As I said on Second Reading, plan A had been to pass a terrorism (United Nations measures) Bill by no later than the end of March, in order to put the orders on a proper legislative footing. That plan was predicated on the Supreme Court granting the stay for which the Treasury had applied, so that Parliament could put in place the legislation needed to prevent terrorists from accessing their assets. It was on that basis that we entered into discussions with the Treasury and agreed what we felt would be sufficient time in this place and the other place to ensure that the Bill, and the views of external stakeholders interested in the process, could be thoroughly assessed so that the measures were put on to a proper footing. However, the Supreme Court's decision not to allow a stay because it would-to paraphrase the judgment-confer a sense of legality on orders that were illegal means that the emergency legislation before us today takes priority, and rightly so.
This does not mean that the Government are off the hook in terms of bringing forward a proper statutory basis for these orders. Indeed, we told the Exchequer Secretary last week that we would have been content for the Bill I mentioned to complete its stages today and for us to move on to consider the Terrorist Asset-Freezing (Temporary Provisions) Bill tomorrow, while also ensuring that after we returned from the recess, we would have a day on the Floor of the House in Committee. That Bill would then have passed to the other place where there would have been an opportunity for further scrutiny. The Bill would therefore have been on the statute book by no later than the end of March.
We have pursued that line through introducing amendment 1, as we believe that the Government should move as quickly as possible to put in place proper primary legislation. It seems to us that measures that were described in the court ruling as draconian should not be kept in place for up to 10 months on the basis of a three clause Bill that perpetuates some of the failings of the underlying orders. We believe that the Government should move more quickly so that they take responsibility for sorting out the mess they have created on their watch, rather than deferring any remedial measures until later this year.
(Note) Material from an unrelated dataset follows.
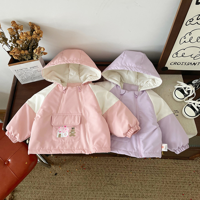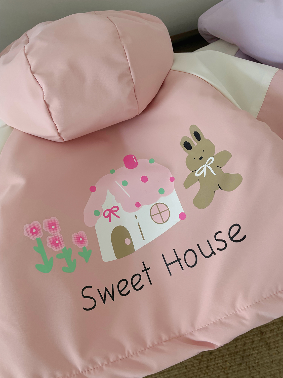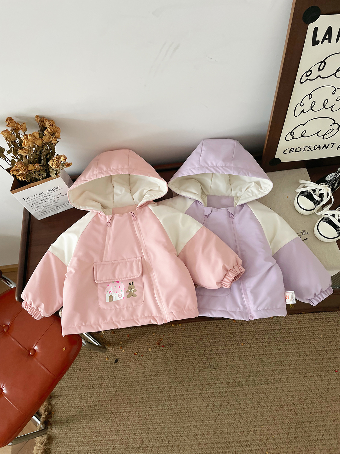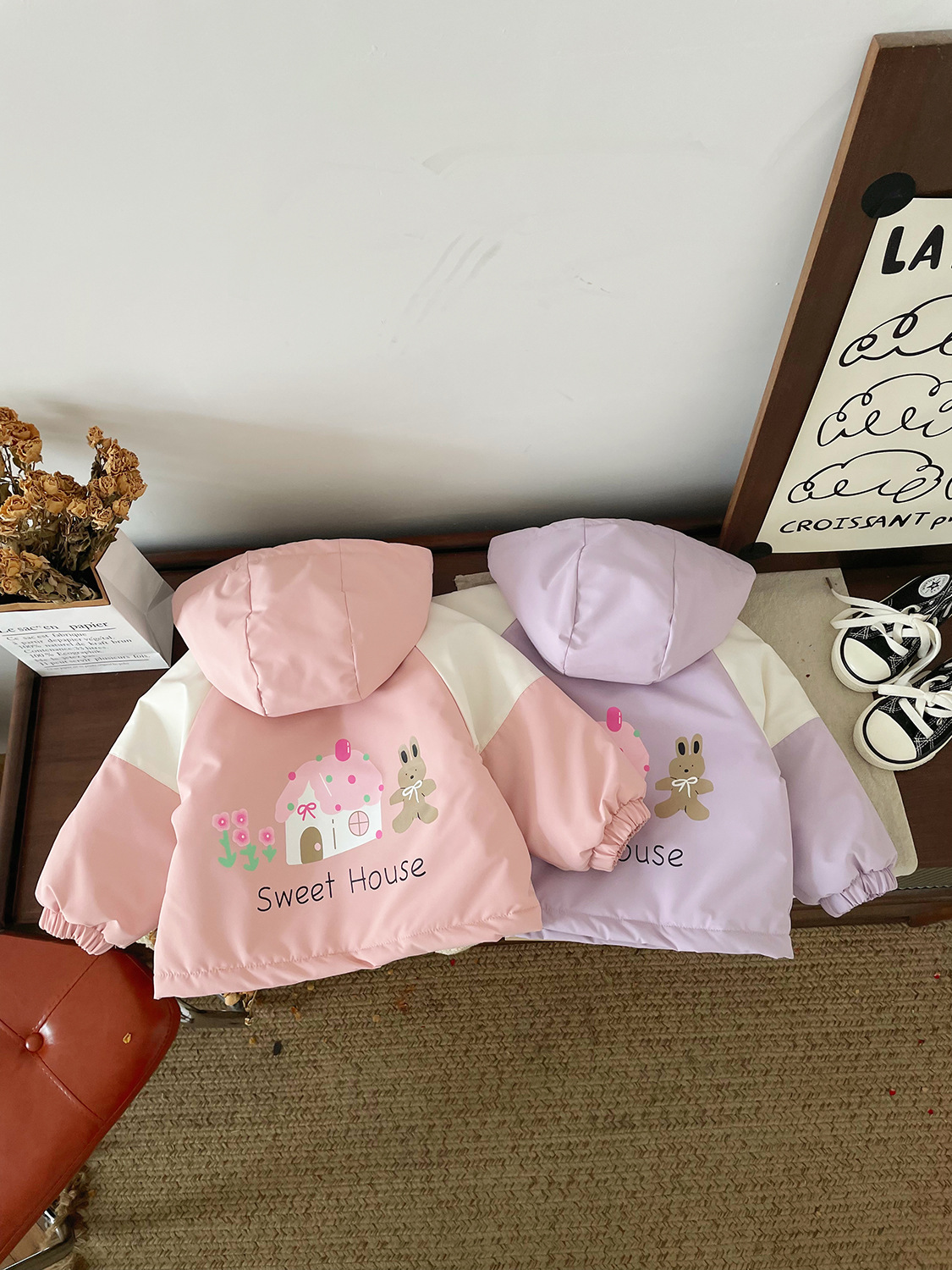 2024 가을과 겨울 새로운 어린이 폭행 옷 소녀 캡 클립 코튼 코트 만화 어린이 서양식 외출 면봉 재킷

There are some issues to be debated; we touched on a number of them on Second Reading. They include the need for proper safeguards to be in place, and the question of whether there should be a different safeguard from judicial review to look at the merits of Treasury applications. Mr. Dismore commented on the limitations of judicial review as a potential remedy, such as the fact that it could not be used to vary the terms of a licence. These issues are well known and have been fairly thoroughly debated in the context of other legislation, and we believe they are sufficiently well known for scrutiny to take place far more quickly than under the Government's sunset clause. Indeed, the hon. Member for Hendon said that, given the brevity of the Bill, his Joint Committee on Human Rights could scrutinise the Bill and publish a report quite quickly; he thought it would take a matter of days. That is entirely consistent with the timetable that would flow from our proposed sunset clause. We took his comments as a positive sign, suggesting that we could pass this legislation on a much shorter-term sunset clause than the Government suggest.
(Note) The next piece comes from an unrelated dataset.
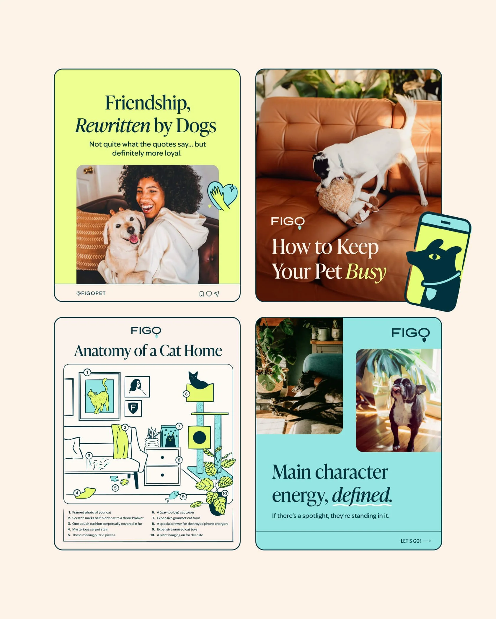 As the lead in-house marketing and brand designer for Figo Pet Insurance, I bring the brand to life across every platform, from digital ads, emails, and landing pages to social posts, blog visuals, and PR initiatives.
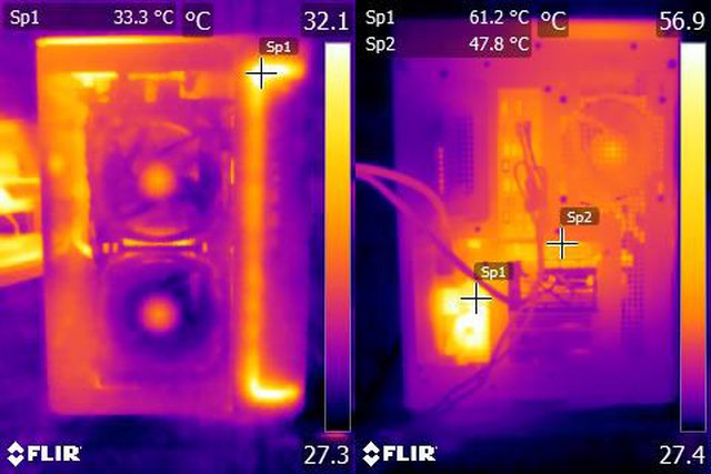 ▼正面安裝網孔板,由正面、右側前方及底部進風時,CPU+GPU高負載30分鐘後的正面(左

The draft Bill published last week is based largely on the 2009 order. The issues in that regard have been well rehearsed over time, and a much wider range of issues will need to be raised. Again, therefore, all the arguments point towards having a shorter-term sunset clause than that which the Government propose-
The Government's sunset clause suggests, of course, that the decision on future legislation will be put off until after the next general election. The hon. Member for Hendon made the point that the House will by then have lost a great deal of its current expertise, given that about a third of Members will leave this place at the next general election. Indeed, many of the Members who took part in the Second Reading debate will not be here the other side of the general election to add their expertise to the debates. That is an added reason to accelerate this process, so we can benefit from Parliament's collective memory and knowledge of the scrutiny of the raft of anti-terrorism Bills of the last few years.
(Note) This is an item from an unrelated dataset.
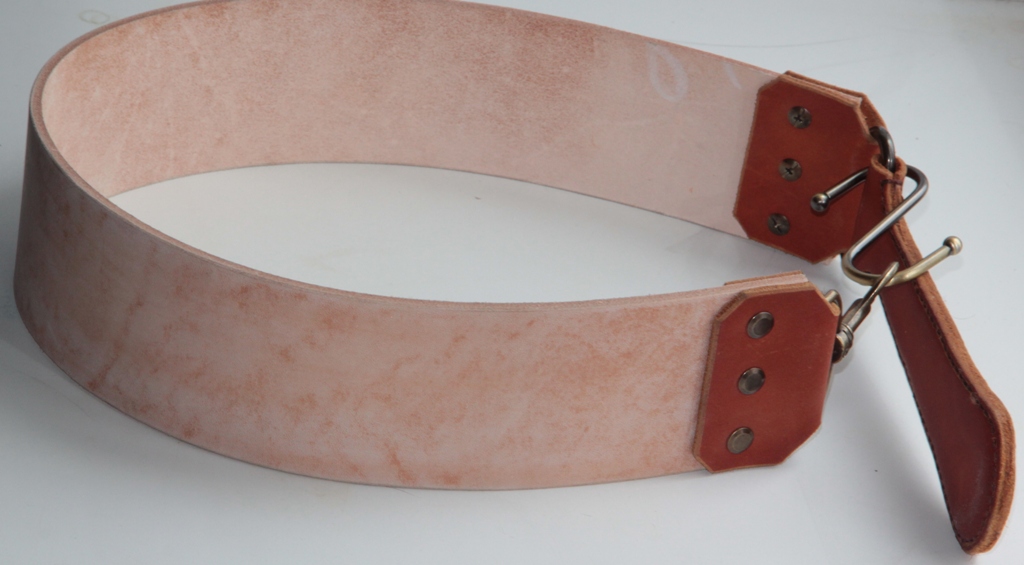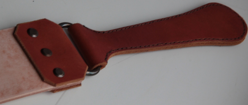 Рабочая часть ремня выполнена из качественного получепрака растительного дубления, кожа отшлифована до 2000 грит и полностью подготовлена для работы, обработана костным маслом. Кожа плотная, упругая и главное рабочая. Обвязки фурнитуры, ручка выполнены из натуральной кожи, надежно фиксируются винтами к рабочей части ремня. Ручка прошита седельным швом, в руке сидит как влитая, очень удобная. Для большей надёжности в ручку вшита металлическая пластина.

There is a clear, straightforward argument here. Our amendment 1 provides plenty of time for proper scrutiny. We are following the timetable we agreed with the Government prior to the Supreme Court deciding to quash the orders last Thursday. We believed prior to that that the timetable gave sufficient time for proper parliamentary scrutiny. Our view is that that still holds, and that we should move towards that timetable to give this Government the opportunity to clear up the mess they have created.